> _Records for this task_

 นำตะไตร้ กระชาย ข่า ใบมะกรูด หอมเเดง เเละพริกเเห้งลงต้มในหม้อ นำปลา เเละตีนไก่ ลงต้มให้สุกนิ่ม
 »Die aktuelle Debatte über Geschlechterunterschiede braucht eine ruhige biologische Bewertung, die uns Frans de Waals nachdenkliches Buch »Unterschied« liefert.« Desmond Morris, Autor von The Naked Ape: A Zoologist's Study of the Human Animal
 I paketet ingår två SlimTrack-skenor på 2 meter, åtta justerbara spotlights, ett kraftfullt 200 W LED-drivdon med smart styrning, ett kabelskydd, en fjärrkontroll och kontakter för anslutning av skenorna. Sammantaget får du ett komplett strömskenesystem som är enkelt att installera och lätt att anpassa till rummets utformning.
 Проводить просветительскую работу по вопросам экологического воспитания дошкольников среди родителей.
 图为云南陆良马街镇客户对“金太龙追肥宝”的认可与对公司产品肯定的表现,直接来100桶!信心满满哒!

--

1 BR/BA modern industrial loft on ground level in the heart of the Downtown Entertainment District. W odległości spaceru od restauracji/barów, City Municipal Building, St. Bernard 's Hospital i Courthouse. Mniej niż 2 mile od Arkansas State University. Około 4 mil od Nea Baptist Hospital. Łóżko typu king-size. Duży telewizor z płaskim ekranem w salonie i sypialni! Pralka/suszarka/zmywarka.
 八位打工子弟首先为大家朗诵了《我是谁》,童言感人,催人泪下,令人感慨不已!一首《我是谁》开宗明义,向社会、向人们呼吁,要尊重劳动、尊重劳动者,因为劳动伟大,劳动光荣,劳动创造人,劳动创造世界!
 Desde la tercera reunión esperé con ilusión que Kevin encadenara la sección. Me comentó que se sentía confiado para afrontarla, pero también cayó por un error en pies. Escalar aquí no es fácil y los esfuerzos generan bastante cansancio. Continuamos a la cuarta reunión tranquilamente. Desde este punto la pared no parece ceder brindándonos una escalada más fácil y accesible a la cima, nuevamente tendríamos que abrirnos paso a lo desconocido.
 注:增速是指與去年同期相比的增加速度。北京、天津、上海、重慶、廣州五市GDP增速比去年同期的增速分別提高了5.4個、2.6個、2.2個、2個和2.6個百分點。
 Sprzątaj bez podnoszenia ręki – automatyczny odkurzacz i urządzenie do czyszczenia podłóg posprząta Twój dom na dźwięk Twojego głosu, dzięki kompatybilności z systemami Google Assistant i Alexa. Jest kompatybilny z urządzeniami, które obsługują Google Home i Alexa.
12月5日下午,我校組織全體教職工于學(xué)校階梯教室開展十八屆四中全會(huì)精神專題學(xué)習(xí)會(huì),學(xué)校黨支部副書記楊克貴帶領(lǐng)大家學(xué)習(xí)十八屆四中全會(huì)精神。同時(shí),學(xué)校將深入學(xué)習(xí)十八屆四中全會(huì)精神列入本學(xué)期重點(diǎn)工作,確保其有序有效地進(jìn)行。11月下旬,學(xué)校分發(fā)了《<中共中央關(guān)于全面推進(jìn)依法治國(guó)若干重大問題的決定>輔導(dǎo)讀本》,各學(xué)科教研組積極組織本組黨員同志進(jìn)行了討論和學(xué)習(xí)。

> _About this task_
Reproduce, word for word and in full, only the lines above that start at the line with "นำตะไตร้ กระชาย ข่า" and run through the line with "I paketet ingår", both ends included.

> _Reply to the exercise_
 นำตะไตร้ กระชาย ข่า ใบมะกรูด หอมเเดง เเละพริกเเห้งลงต้มในหม้อ นำปลา เเละตีนไก่ ลงต้มให้สุกนิ่ม
 »Die aktuelle Debatte über Geschlechterunterschiede braucht eine ruhige biologische Bewertung, die uns Frans de Waals nachdenkliches Buch »Unterschied« liefert.« Desmond Morris, Autor von The Naked Ape: A Zoologist's Study of the Human Animal
 I paketet ingår två SlimTrack-skenor på 2 meter, åtta justerbara spotlights, ett kraftfullt 200 W LED-drivdon med smart styrning, ett kabelskydd, en fjärrkontroll och kontakter för anslutning av skenorna. Sammantaget får du ett komplett strömskenesystem som är enkelt att installera och lätt att anpassa till rummets utformning.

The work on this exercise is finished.